Reactions: Like 4 | EyeCandy! 1 | Way Cool 12


----------



## Tony (Apr 17, 2017)

A lot of work I'm sure, but that's some pretty walnut! I've always liked those canoe bookcases, I look forward to seeing those! Tony

Reactions: Agree 1


----------



## Schroedc (Apr 17, 2017)

Tony said:


> A lot of work I'm sure, but that's some pretty walnut! I've always liked those canoe bookcases, I look forward to seeing those! Tony



This walnut just kicked our butt all day, was cut in winter about 14-15 months ago, MC was under 20 already even in the middle, Hardest walnut I've ever run into.

Reactions: Like 1


----------



## ripjack13 (Apr 17, 2017)

Wow. That is some beautiful wood Colin! I bet you're one tired soul....

Reactions: Agree 1


----------



## Nature Man (Apr 17, 2017)

What a beautiful sight! Love those slabs! Chuck

Reactions: Agree 1


----------



## DKMD (Apr 17, 2017)

Looks like fun!

Reactions: Agree 2


----------



## Schroedc (Apr 18, 2017)

ripjack13 said:


> Wow. That is some beautiful wood Colin! I bet you're one tired soul....



You don't know the half of it. I really wish we'd had a bobcat or tractor. Those logs were a lot of work to move around for just two guys.

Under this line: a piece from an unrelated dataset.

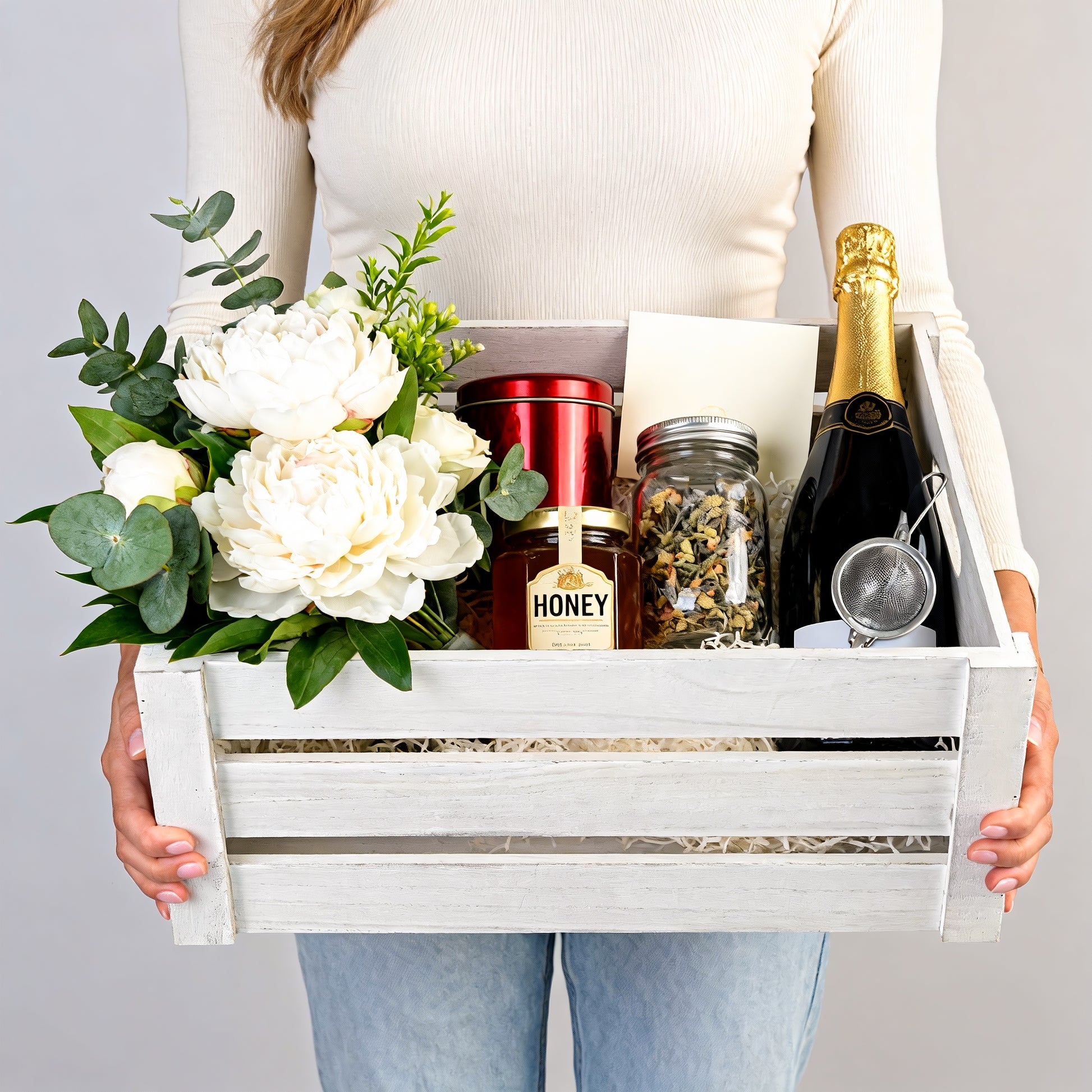 Grey Oval Cut-out Slatted Wooden Crate - 3 Sizes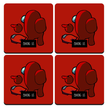 Among US i am impostor..., ΣΕΤ 4 Σουβέρ ξύλινα τετράγωνα (9cm)

I think I may have pulled most of the muscles in my body.....

Reactions: Sincere 2


----------



## woodtickgreg (Apr 18, 2017)

That's what I call sweat equity, it's earning your lumber, or paying for it with your body.

Reactions: Like 1


----------



## ripjack13 (Apr 18, 2017)

Schroedc said:


> I have sawdust in places I never new I had



are you sure it's sawdust?

Reactions: Funny 3


----------